Techniques {Nauta technique} can stain degenerating axons with silver. First, electrodes stimulate neurons with electric current, or fine pipettes stimulate neurons with chemicals. Then fine pipettes inject dye into cells. After axon cutting, dye blackens dying-axon branches.
Techniques {positron emission tomography} (PET) can use radioactive oxygen or carbon isotopes to measure cerebral blood flow or metabolic activity. Oxygen isotopes in glucose or neurotransmitters emit positrons as they decay. Patients receive radioactive tracers by injection or in food. Scanners localize radioactivity to within several millimeters and within one minute. Localized radioactivity shows increased oxygen-metabolism and glucose-metabolism sites. Brain blood flow varies with metabolic activity, so PET indicates locations with increased blood flow.
xenon
Alternatively, patients can receive radioactive xenon by injection into blood. The most active neurons become the most radioactive.
carbon 14
Carbon(14) 2-deoxyglucose is similar to glucose. Neurons can absorb the radioactive compound but cannot metabolize it. Neurons that absorb the most radioactivity are the most metabolically active.

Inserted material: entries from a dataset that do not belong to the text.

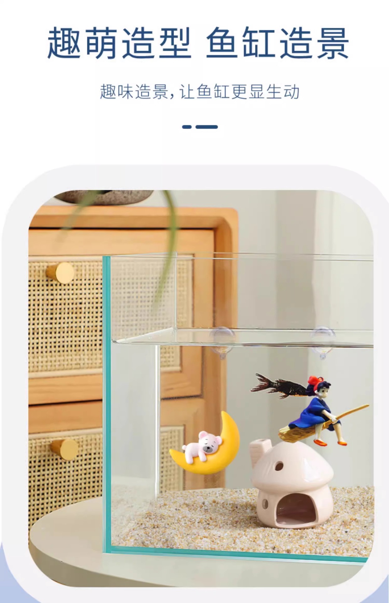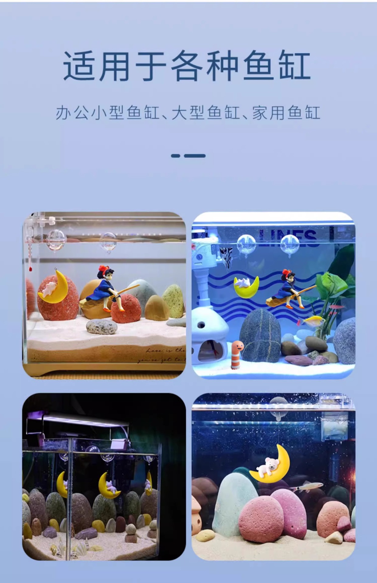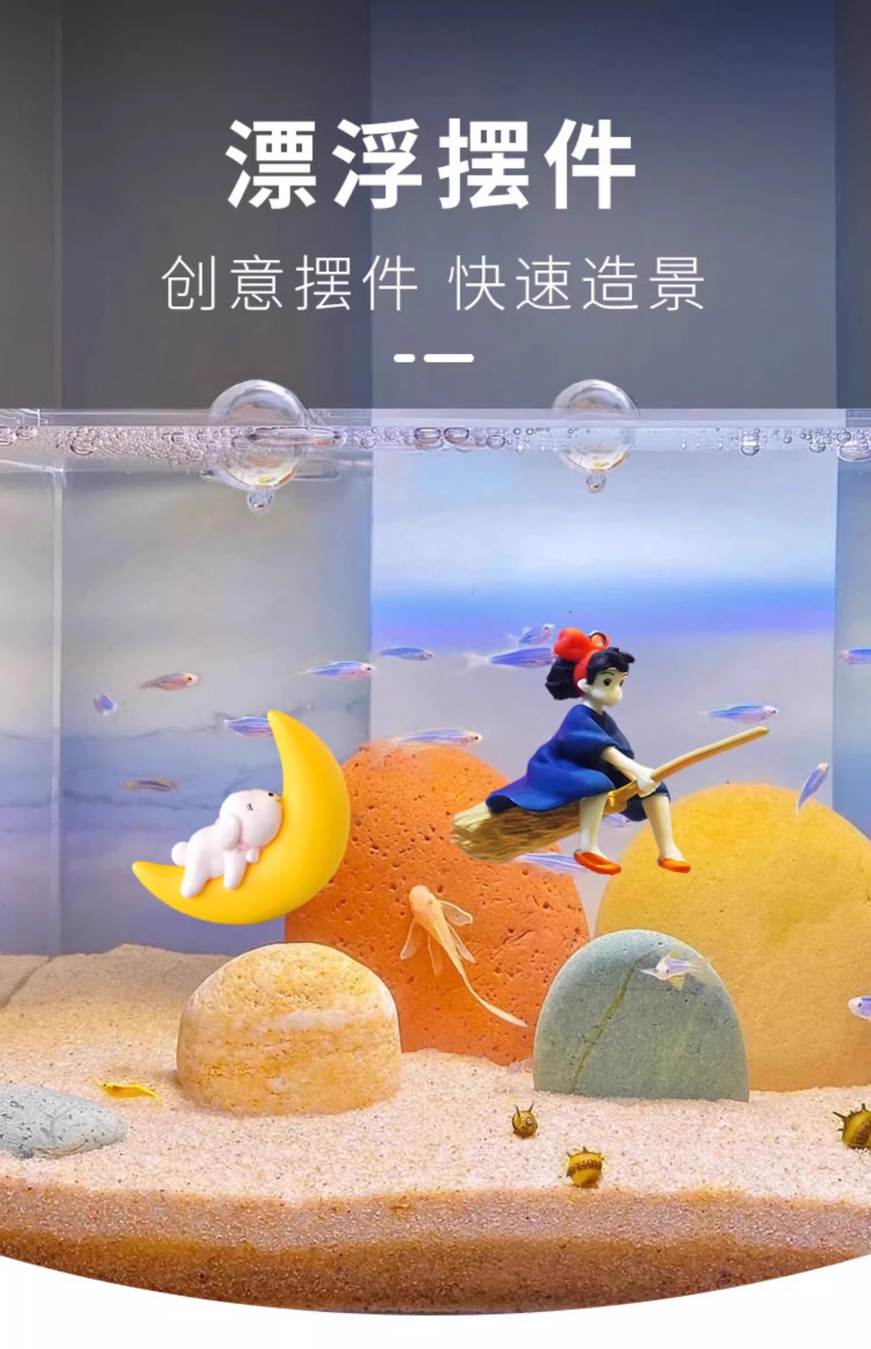 수조 조경 장식, 공중에 떠 있는 달, 곰, 마녀, 인어 수족관, 떠 있는 만화 다이버 장식품스토어 가기
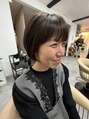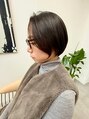 外はねも内巻きもできる切りっぱなしボブ。カラーは落ち着いたオリーブベージュで。首元をスッキリ見せたり、スタイルに合わせて長さを調整してCUT致します。
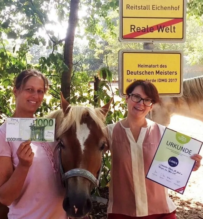 Michaela Sierra Lois, Botschafterin der Town & Country Stiftung, übergab den symbolischen Spendenscheck und sagte über das Projekt: „Das Pferd wird beim Reitsport zu einem wichtigen Freund und Vertrauten. Deshalb freue ich mich sehr, dass der Verein nicht nur gesunden Personen den Umgang mit den Tieren ermöglicht, sondern sich besonders für die Unterstützung von Kindern und Jugendlichen mit speziellem Förderungsbedarf engagiert.“
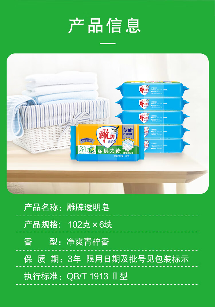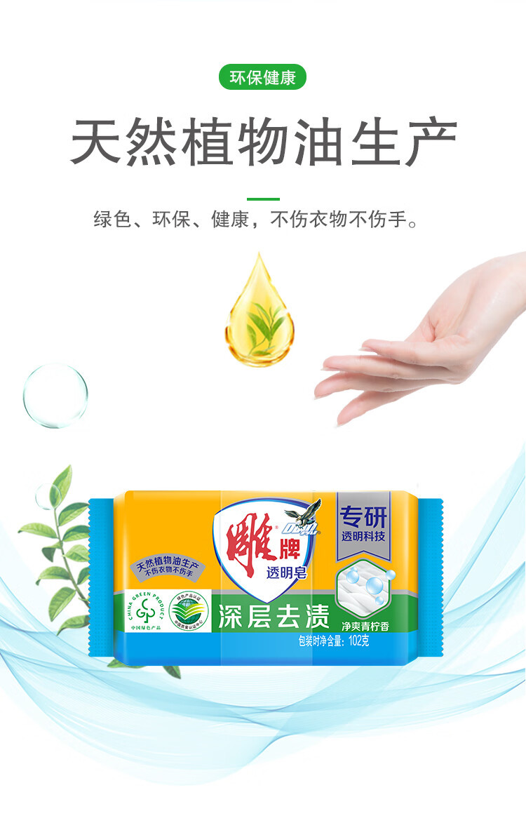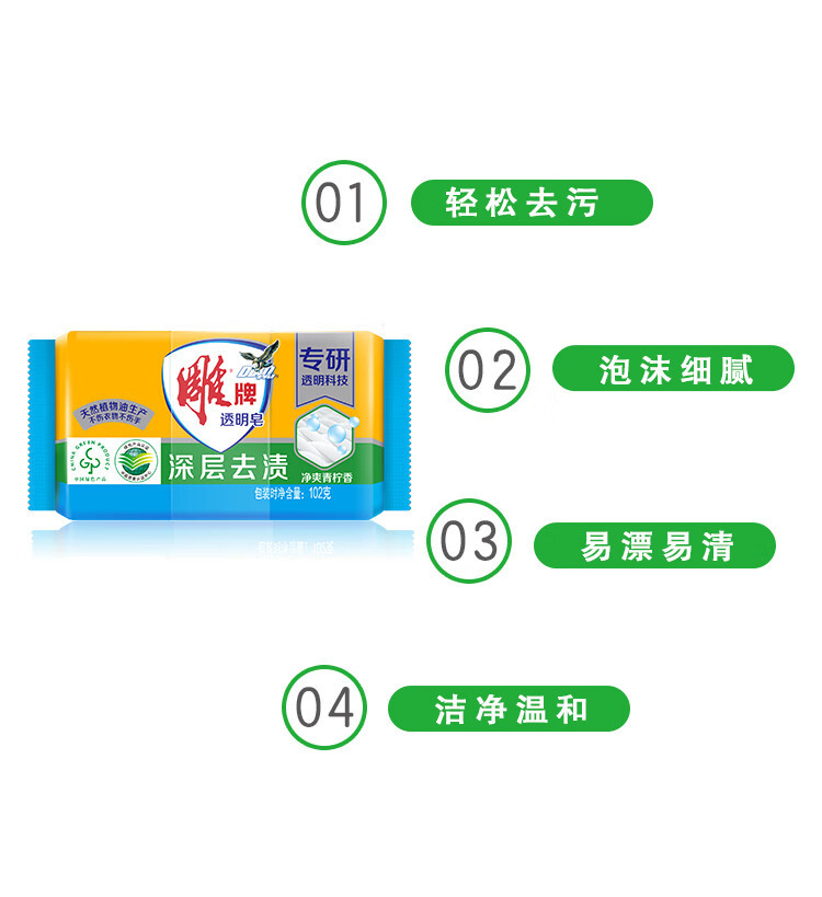 | 产品名称 | 雕牌肥皂洗衣皂102g透明皂柠檬香温和不伤手深层去渍整箱劳保批发 |
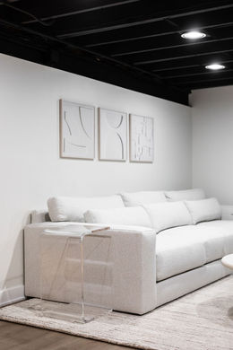 A basement space that once served as a workout area and home office was transformed into a versatile lounge and a peaceful, productive home office.
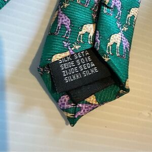 Cape Cod neckwear green 100% silk tie with purple and yellow giraffes
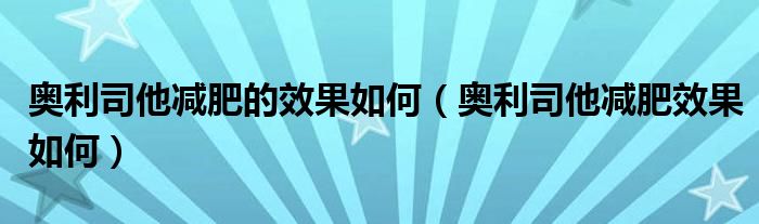 奥利司他减肥的效果如何(奥利司他减肥效果如何)
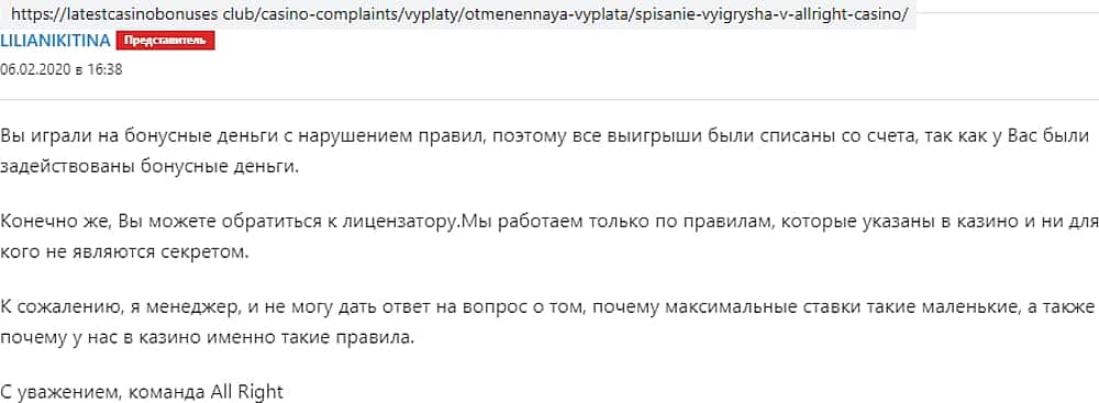 Еще одна вероятная представительница жульнического игросервиса Алл Райт Казино была обнаружена в дискуссиях на веб-портале latestcasinobonuses club. Эта особа от имени лохотронского игропозорища Алл Райт Казино, отбивала нападки обманутых пользователей данного псевдопроекта. В подписи видно, что действует она от имени аферистов:
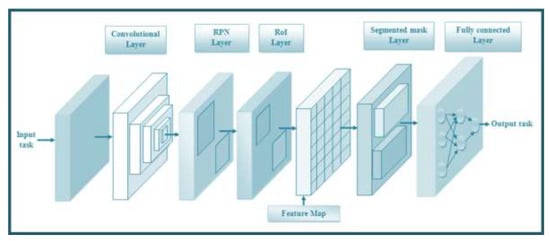 Based on the OMDP choice, an ideal strategy is implemented, which eventually positions the qualities from the picture () and video stage () to be given to the extremity characterisation, a move toward in training the dataset to rely on the extremity of the position value of the information. The current extremity characterisation will, in general, accomplish an erroneous recognition because of the low quality of the picture and the off-base division of the picture. To overcome these difficulties, a Mask R-CNN assembly to analyse the movement based on the geolocation has been developed (Figure 4). The created approach is split into specific layers, such as:
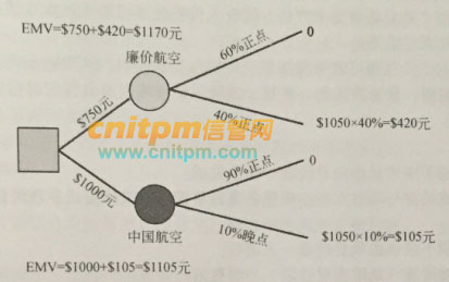 项目经理小明因公定期从北京到巴黎出差,财务部总是告诉他乘坐廉价航空公司的航班以节省费用,廉航从北京至巴黎的航班费用是750美元。但小明更喜欢乘坐中国航空公司的航班,因为该公司服务热情周到、座位宽大、食品可口且种类丰富,中国航空公司从北京到巴黎的航班费用是1000美元。
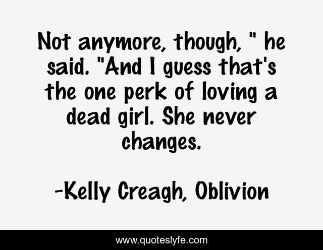 This page presents the quote "Not anymore, though, " he said. "And I guess that's the one perk of loving a dead girl. She never changes.". Author of this quote is Kelly Creagh, Oblivion. This quote is about death, love, oblivion, change, nevermore, kelly-creagh, affection,.
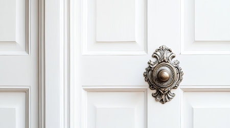 Overhead shot of a closed door with intricate handle, ample copy space on a clean background
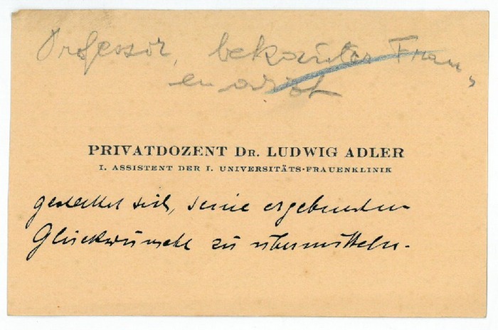 Eigenh. Visitenkarte. Wien, o. D. 70 x 110 mm. "Privatdozent Dr. Ludwig Adler I. Assistent der I. Universitäts-Frauenklinik" (dies gedruckt) "gestattet sich, seine ergebensten Glückwünsche zu übermitteln". - Ludwig Adler studierte an der Medizinischen Fakultät der Universität Wien, wo er im Jahr 1900 zum Doktor der gesamten Heilkunde promoviert wurde. Danach arbeitete er am Allgemeinen Krankenhaus der Stadt Wien und am Pathologisch-Anatomischen Institut der Universität Wien.
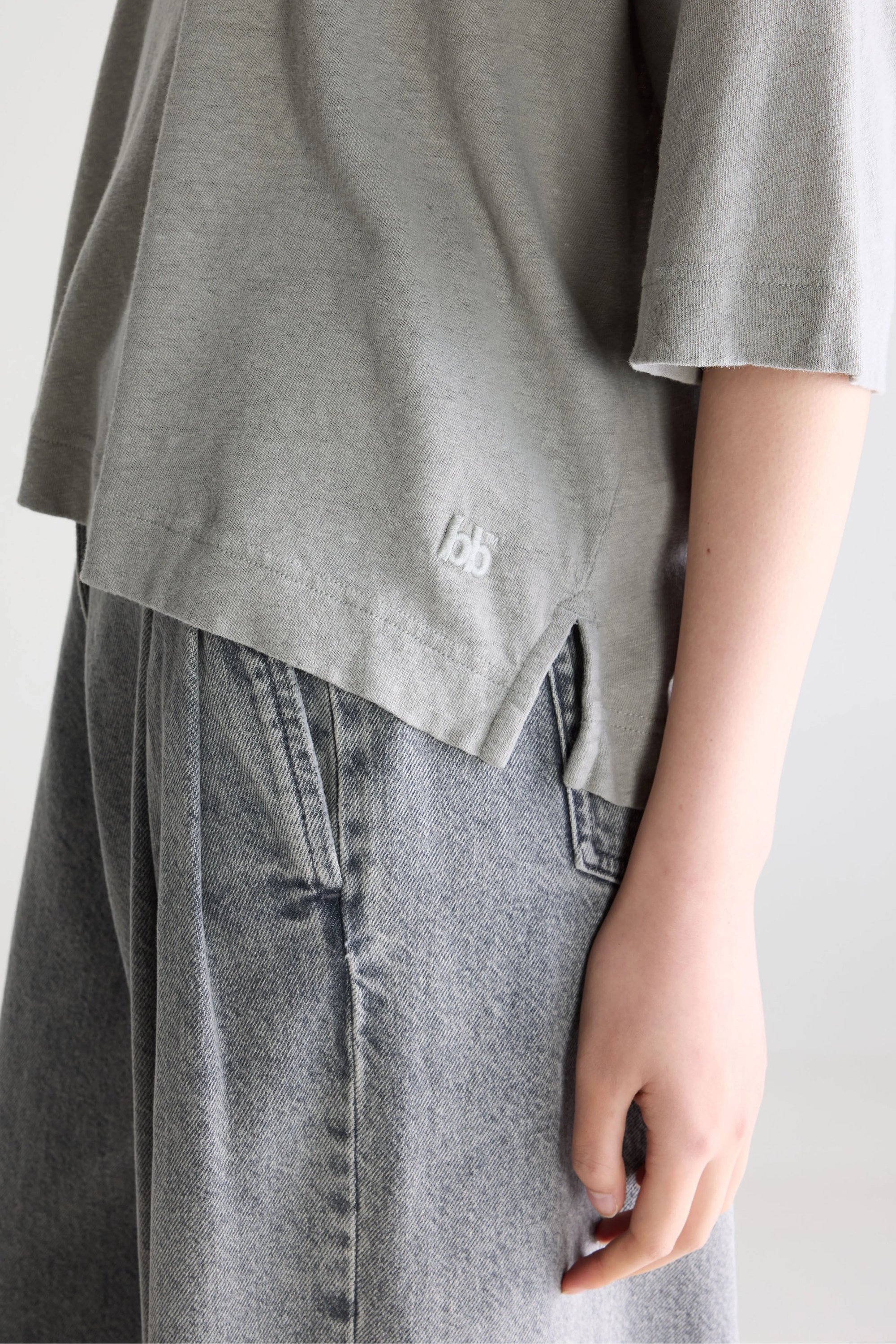 Camiseta manga corta, aberturas laterales, cuello redondo ligeramente abierto. 50% algodon y 50% lino.
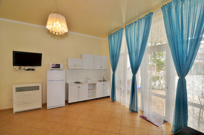 Однокомнатный Номер 4 с балконом находится на втором этаже. Площадь номера 24.6 м.квЦены Май 2000-2400Июнь 2800-3500Июль-август 4500Сентябрь 3500-2800Октябрь 2200
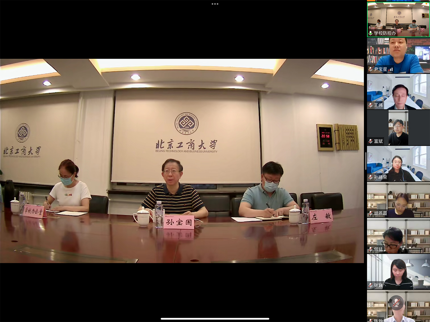 党委副书记、校长孙宝国在讲话中指出,一是要进一步统一思想、统一行动,从严从紧、严防死守,全力做好校园防控各项工作。在疫情防控关键时期、紧要关头,全体师生必须紧张起来、动员起来、行动起来,坚持两校区封闭管理不动摇。要做好疫情防控期间师生思想引导与心理疏导,各单位要做好本单位师生思想工作,将师生思想认识统一到北京市、教育系统疫情防控要求上来,关注师生思想动态,做好人文关怀。要高度重视疫情防控工作,把疫情防控作为当前压倒一切的任务,坚决打赢这场阻击战,同时教育师生要做好个人防护工作,为疫情防控作出自身应有的贡献。二是在做好疫情防控的同时,统筹做好教育教学各项重点工作。坚持线上教学不间断,扎实有序做好毕业就业、博士生招生、人才招聘等工作,按照“过程要严、结果要好”的要求,如期完成各项工作任务目标,确保校园安全不破防,把疫情对学校各项工作的影响降到最低。孙宝国强调,全体北工商师生在疫情面前始终保持清醒头脑,顾大局、识大体,展现出良好学习工作状态和精神面貌,希望师生员工高度重视,绷紧疫情防控这根弦,不松懈、不大意,严之又严抓好疫情防控措施落实,持续巩固疫情防控成果。
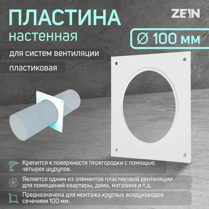 Пластина настенная ZEIN, d=100 мм, вентиляционная — Характеристики
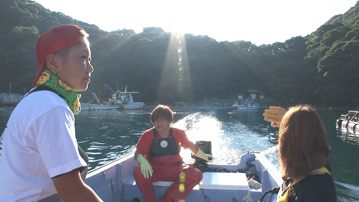 三重県熊野市。山々に囲まれた二木島湾にある小さな港「甫母漁港」で働く田中りみさん、西地絵美さん、松村ありすさんの3人。新型コロナの影響で居酒屋などからの注文が減り、魚が売れなくなったことで昨年導入したのが水中ドローン。大物を見つけ出して釣り上げる作戦ですが、撮影の日に釣れたのは地元の市場では値段がつかない小さな魚だけで、大物は釣れませんでした。
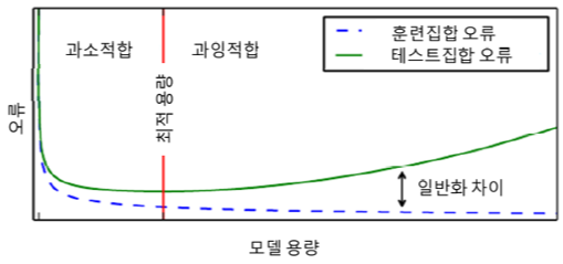 위 그래프에서 처럼 모델 용량이 데이터의 용량에 비해 커지면 커질 수록 성능이 좋아지는 것은 아니다. 모델의 용량이 적으면 모델을 과소적합되고, 모델의 용량이 커지면 과잉적합될 가능성이 커진다. 큰 데이터셋에 작은 모델을 학습시키면 모델이 잘 학습되지 않는 것을 과소적합이라하고, 데이터셋에 비해 큰 용량의 모델을 학습시키면 학습 데이터에만 맞춰져 일반화 능력은 떨어지는 것을 과(잉)적합이라고 한다.
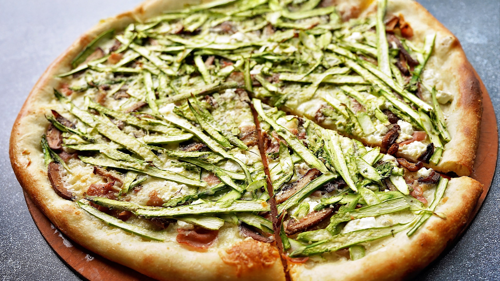 Our other seasonal this period was the pizza that launched our tradition of rotating seasonals. That was way back in 1993. The Asparagus Prosciutto Primo has made the cut every year for nearly 30 years. Warm spring days, cool nights and the mineral-rich volcanic soil in Eastern Washington make our state the nation’s largest asparagus producer. We roast tender local asparagus and layer it with prosciutto, Taleggio—a mild cheese with a fruity tang—and mozzarella over an olive oil base.

Techniques {immunohistofluorescence} {retrograde marking} [1970] can stain neurons backward from injection site using horseradish peroxidase, colloidal gold wheat-germ agglutin, and fluorescent dyes.
Techniques {single channel recording} {patch clamping} can measure single-neuron electrical activity.
Techniques {single photon emission computed tomography} (SPECT) can measure cerebral blood flow or metabolic activity, using light.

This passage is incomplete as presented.